With the help of all our supporters we have played a significant role in many medical breakthroughs for over 60 years, starting with the development of the first UK polio vaccine. Here are some highlights.
Jeune syndrome is a rare but devastating condition that affects the growth and development of babies’ bones in the womb. Babies with Jeune syndrome are born with short arms and legs and an unusually small ribcage, which can cause life-threatening breathing problems. This inherited condition can also result in eye, kidney and liver disease.

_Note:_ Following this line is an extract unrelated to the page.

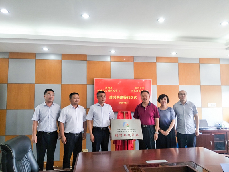 8月14日上午,马克思主义学院与滨海县新时代文明实践中心结对共建签约仪式在滨海县人民政府会议室举行。马克思主义学院院长兼党总支副书记刘晓华与滨海县委常委、宣传部长李军代表双方签订协议。学校人文社科处处长葛彦东,马克思主义学院党总支书记侯新兵,滨海县委宣传部副部长、文联主席张海峰等同志参加了签约仪式。

Every year in the UK around 100 boys are diagnosed with Duchenne muscular dystrophy. Most lose their ability to walk between the ages of 10 and 14 years. They will eventually become paralysed and many lose their lives by their late twenties. Although this cruel disease is incurable, new treatments to slow down disease progression offer vital hope to families.
Children diagnosed with rare, inherited conditions such as spondylocostal dysostosis suffer curvature of the spine and reduced height, leading to other problems such as breathing difficulties and mobility issues. Whilst the causes of spinal malformations – and the genetic risks for future children – have remained largely elusive, the effects on children’s health and wellbeing are tragically apparent.
About one in 10 babies born in the UK every year needs some form of help in the first few minutes after birth to stimulate breathing and to ensure the heart is beating properly. That adds up to a staggering 80,000 newborn babies each year, more than 200 babies every day.
Around 60,000 children and young people under the age of 18 in the UK are estimated to have epilepsy. Drug treatments have unpleasant side effects and, sadly, one in four lives with epilepsy that is difficult to control with medication.
Walking can be very painful for the many thousands of children with cerebral palsy (CP) and other foot problems. This has a major impact on their lives and can exclude them from taking part in numerous activities. Ninety per cent of children with CP develop deformities in their feet caused by unusual forces on the foot during their early development.
Each year, almost a million newborn babies worldwide will lose their lives after suffering brain injury due to oxygen shortage. Until recently there haven’t been any specific treatments to prevent this damage but a groundbreaking cooling therapy is changing that.
Premature babies have digestive systems that are not yet fully developed and are vulnerable to infection. When fed with milk, those who have not grown in the womb properly are recognised to be at risk of developing a condition called necrotising enterocolitis which causes serious inflammation of the bowel wall. Up to 3,000 babies are affected by this a year in the UK; tragically 35 per cent of them will die.
The hormone thyroxine is important in maintaining our energy levels to allow everyday activity. But in children, and especially in babies, it has another vital function: it is essential for the normal growth and development of the brain and body.
Sickle cell disease (SCD) is a serious genetic blood disorder which affects around 12,500 people in the UK. It is more common in people whose family origins are African, African-Caribbean, Asian or Mediterranean. SCD can cause poor blood circulation in the brain which can lead to learning difficulties.
Tragically, around 4,000 babies are stillborn every year and thousands of women hospitalised with pregnancy complications that put babies’ lives at risk.
Metal prostheses are used to replace limb bones that have been destroyed by tumours or would otherwise require amputation. But until recently this has been problematic for children, as the implants need to be extended to keep up with the child’s natural rate of growth.
Around one in every 20 children in the UK is registered as having a disability. Those who are severely disabled can be prone to chronic pain and yet cannot communicate how they are feeling. This means their pain can go unrecognised and untreated.
Children and babies are at particular risk of meningitis, a serious and sometimes fatal infection caused by different bacteria and viruses. Those who survive can face permanent disabilities, such as vision and hearing loss, learning difficulties and limb amputation.
More than 100,000 people are admitted to UK hospitals every year with a head injury, a third of them are children.
Rubella is a viral infection that can cause severe abnormalities in an unborn baby if contracted by the mother in the early stages of pregnancy. Also known as German measles, it can result in learning disabilities, deafness and heart problems, all symptoms of a serious condition called congenital rubella syndrome (CRS).
Spina bifida occurs in a baby when the spinal cord and surrounding bones do not develop properly, leaving a gap or a split. Around one in 1,000 babies in the UK are born with it and some of those who survive suffer from hydrocephalus (water on the brain) and can be left with disabilities.
Around eight out of every 10,000 children in the UK have severe disabilities and need posture support for daily activities. But specialised seats can be expensive and often cause painful pressure sores.
Ultrasound is used in pregnancy to monitor a baby’s development and diagnose problems. It uses sound wave technology which was originally designed to detect flaws in the metal hulls of ships and to aid submarine navigation.
Sixty years ago polio was one of the most feared diseases in the developed world, killing hundreds of children in the UK each year and leaving thousands paralysed. Between 1947 and 1958 polio disabled over 30,000 people in Britain.